La fausseté entretenue qui consiste à prétendre que le Québec n’aurait pas la maîtrise de son destin est la définition sans doute la plus révélatrice de l’imposture provinciale servie par Trudeau lui-même le 11 avril dernier. Sa candeur décrivait le Québec comme « sa belle province » en coupant court à l’intervention autrement réfléchie et judicieuse du Premier Ministre français Gabriel Attal endossant la politique de non ingérence et de non indifférence de la France envers le Québec. Tartuffe devrait savoir que le sujet qu’il ne possède pas, porte un nom avec une majuscule, que c’est par la seule force d’inertie que le Québec consent à se soumettre à une constitution bancale qui sert davantage a lui chercher des problèmes qu’à en résoudre et qu’il appartient au Québec seul d’en décider autrement.

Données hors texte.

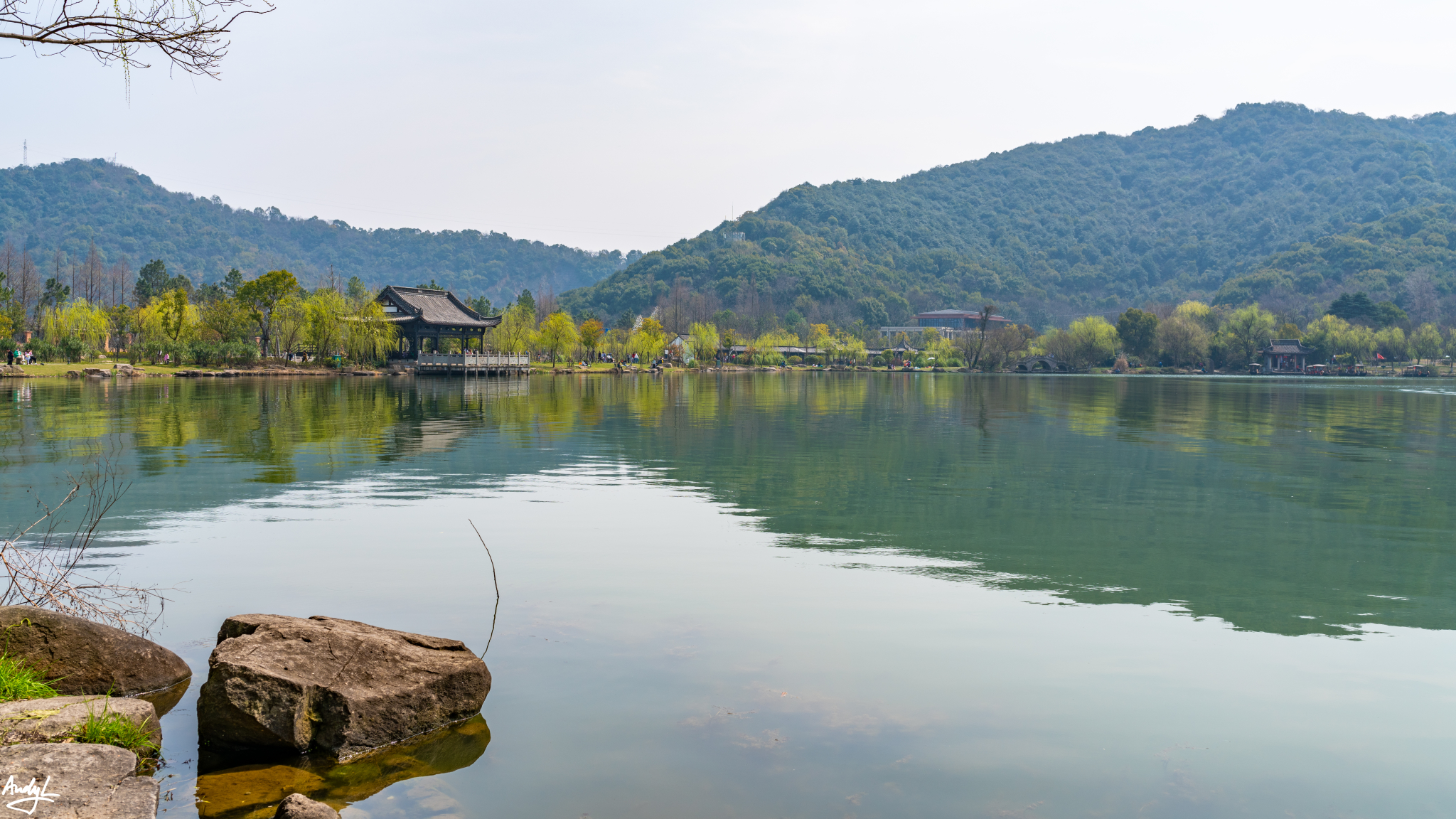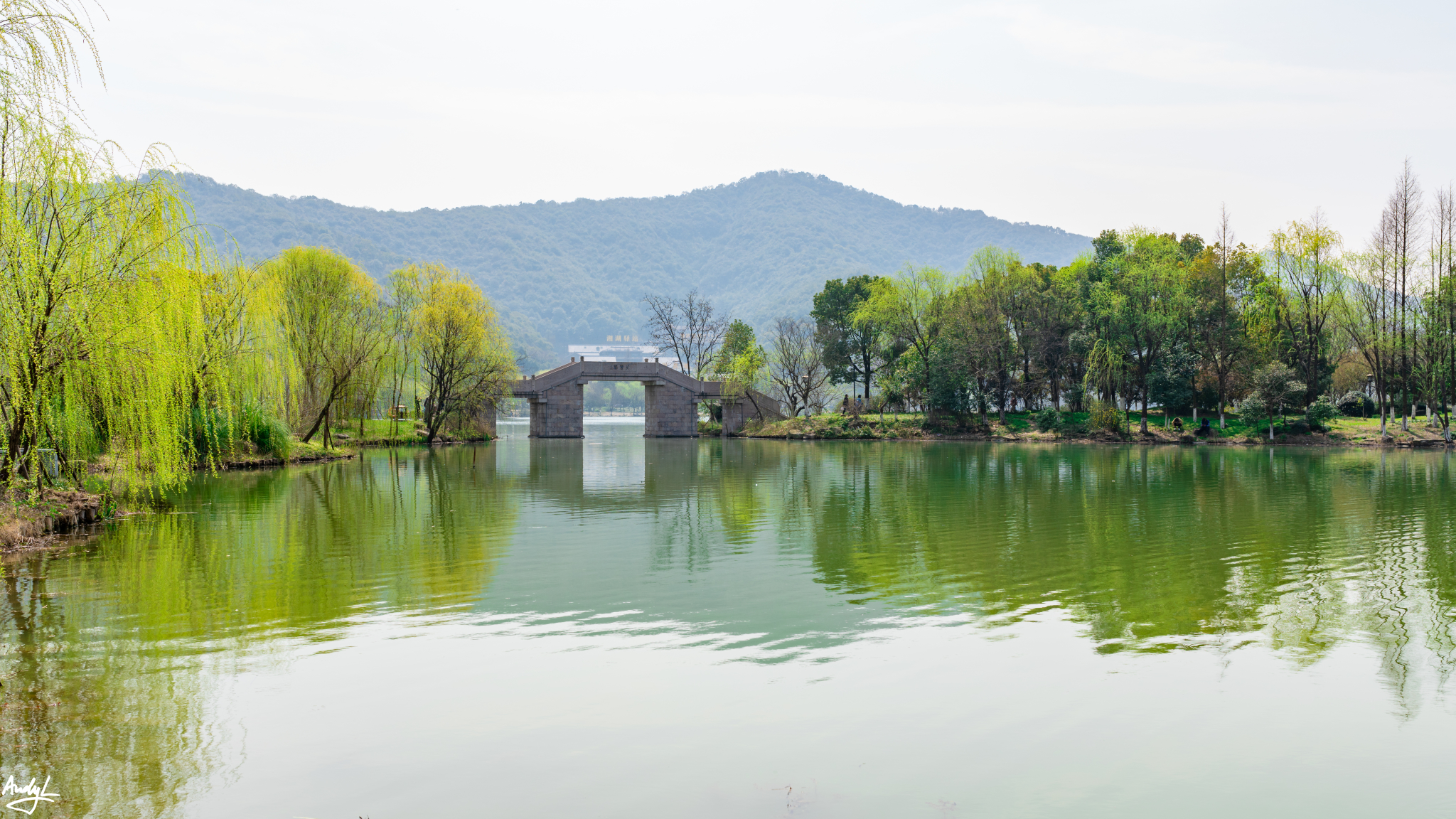 第一眼看到湘湖给我的印象出乎意料,湖边绿树成荫,湖边群山环绕,如果单看一张照片,不熟悉的人还会以为是西湖一角。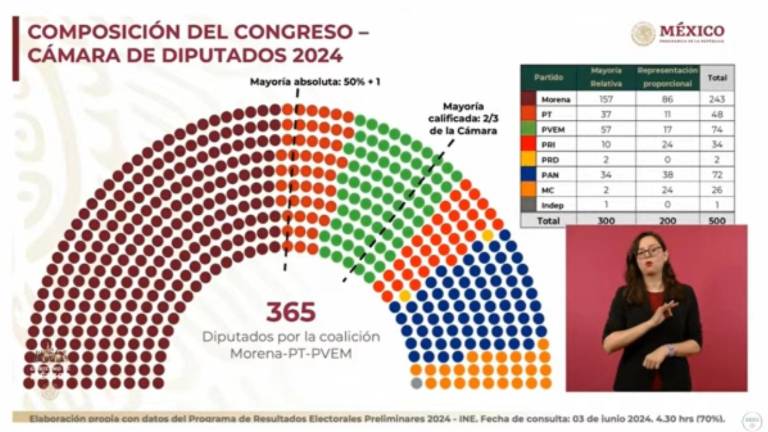 Nacional Posible composición de la Cámara de Diputados después de los resultados de las elecciones del 2 de junio.( Foto: Captura de pantalla ) Nacional AMLO platicará ‘Plan C’ con Sheinbaum; Segob presume mayoría de Morena y aliados en Congreso 3 junio 2024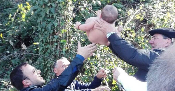 Terminato il rito i bambini vengono avvolti in una coperta e portati nella chiesa dell’Annunziata per essere rivestiti ai piedi dell’altare.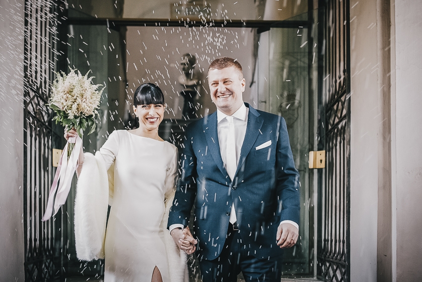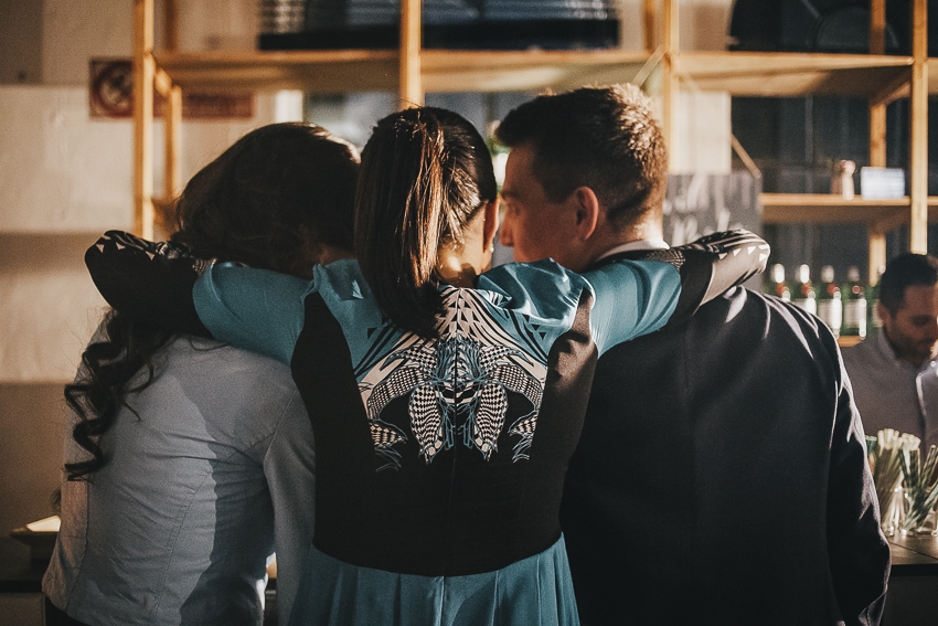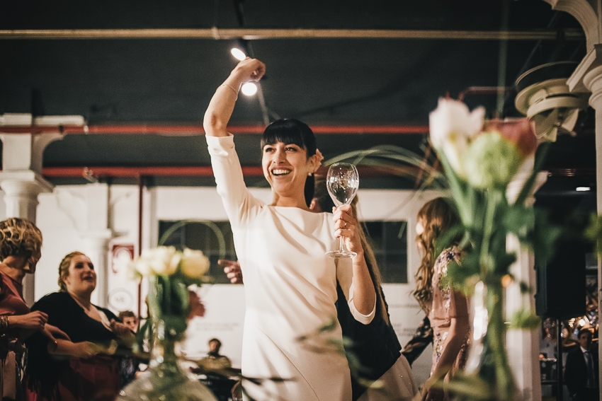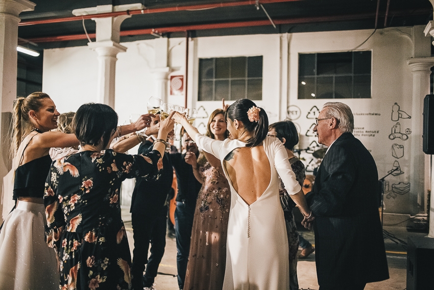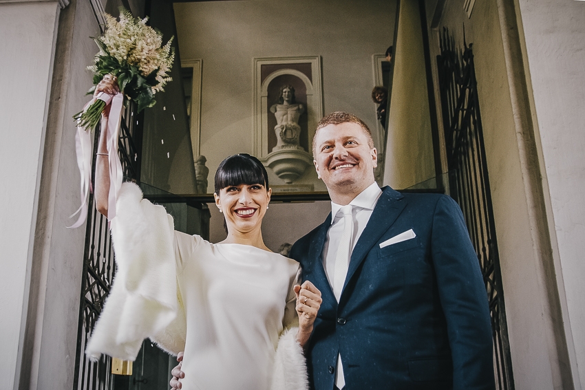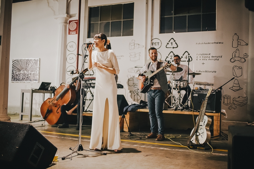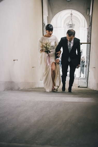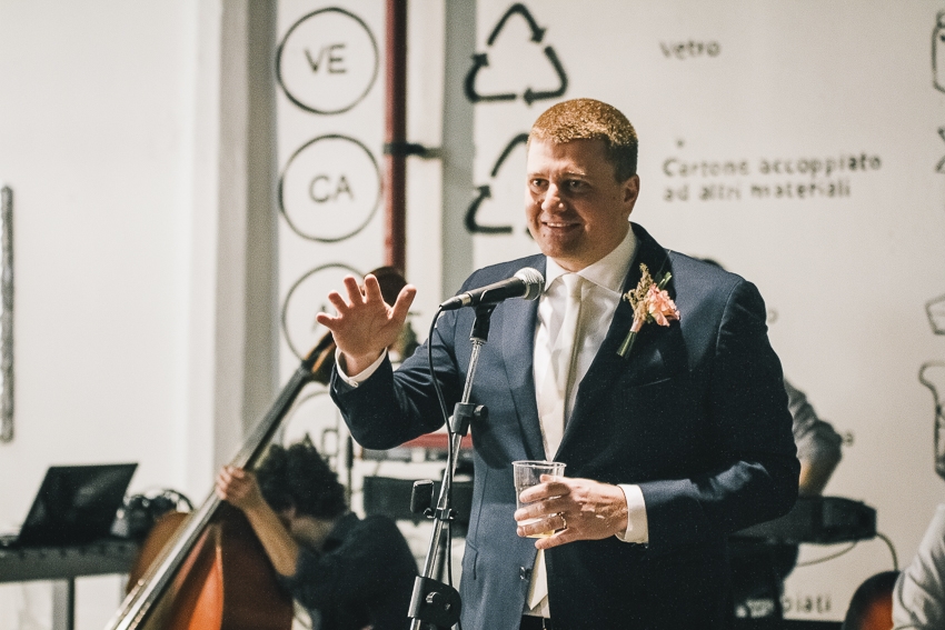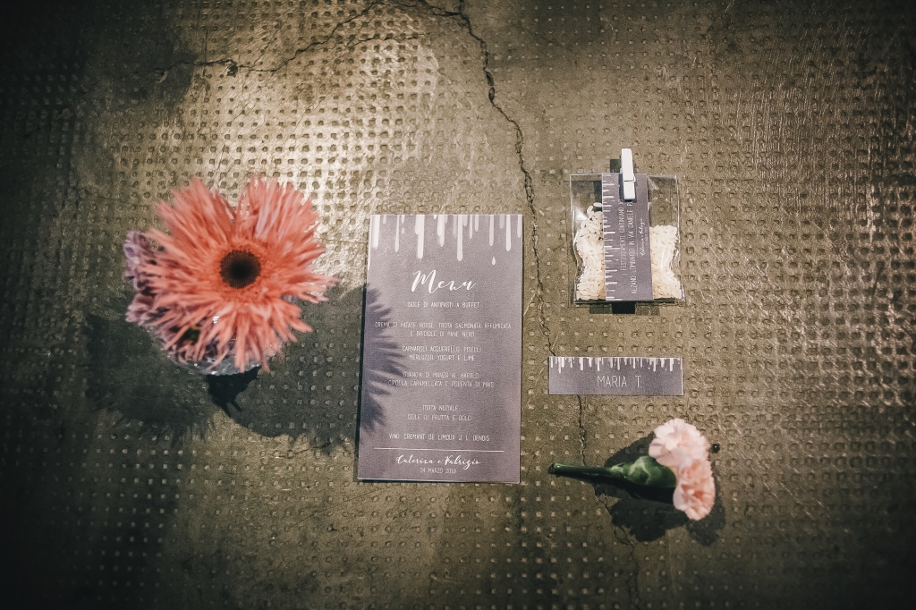 Caterina e Fabrizio sono venuti da me con le idee ben chiare: volevano un matrimonio che fosse una festa e che li rappresentasse al 100%, a partire dalla location. Abbiamo scelto così lo Spazio Fase, un ex cartiera riconvertita, e, con l'aiuto di fornitori impeccabili e creativi, lo abbiamo trasformato in un "locale trendy" con tanto di bar e mostra d'arte. Gli sposi e i loro allegri amici hanno fatto il resto! Complice il cambio dell'ora (che ha fatto guadagnare un'ora in più) i ragazzi si sono scatenati fino all'alba.

Tout compte fait, la machine fédérale n’a rien de plus à offrir au Québec qu’une gouvernance dysfonctionnelle, coûteuse et hostile à ses aspirations, des empiètements, de l’intimidation, des symboles unilingues et des insultes. Arrivée depuis longtemps au terme de l’éventail des arguments pouvant minimalement s’adresser à l’intelligence, la propagande fédérale vogue de l’intoxication médiatique à tout prix jusqu’aux scandales des commandites en passant par tous les chantages financiers, les fédéraux en ont fait leur arme depuis 1995 pour contrer la volonté des Québécois.
Un problème n’est jamais si bien résolu qu’en amont. D’ici au jour où la lucidité fera nous débarrasser de l’antagoniste fédéral, il est loin d’être inutile pour le seul État français d’Amérique de commencer par se nommer comme du monde. Parce qu’on est jamais si bien servi ni nommé que par nous-mêmes, en particulier à la lumière du titre actuel, l’État québécois, par un amendement constitutionnel unilatéral comme il se doit, ferait bien plus tôt que tard d’arrimer son titre officiel à sa réalité moderne et à sa dignité en se renommant « État du Québec ». Un titre de fierté pour mettre à la porte les symboles de la petitesse importée. Un catalyseur de la prise en main de nos enjeux, de notre langue, de notre destin délesté d’un pouvoir arrogant. Un titre sans animosité envers quiconque parce que porteur d’une relation conçue en bonne intelligence, non plus à la remorque d’un marché de dupes, mais celui que nous aurons nous-même défini selon nos propres termes.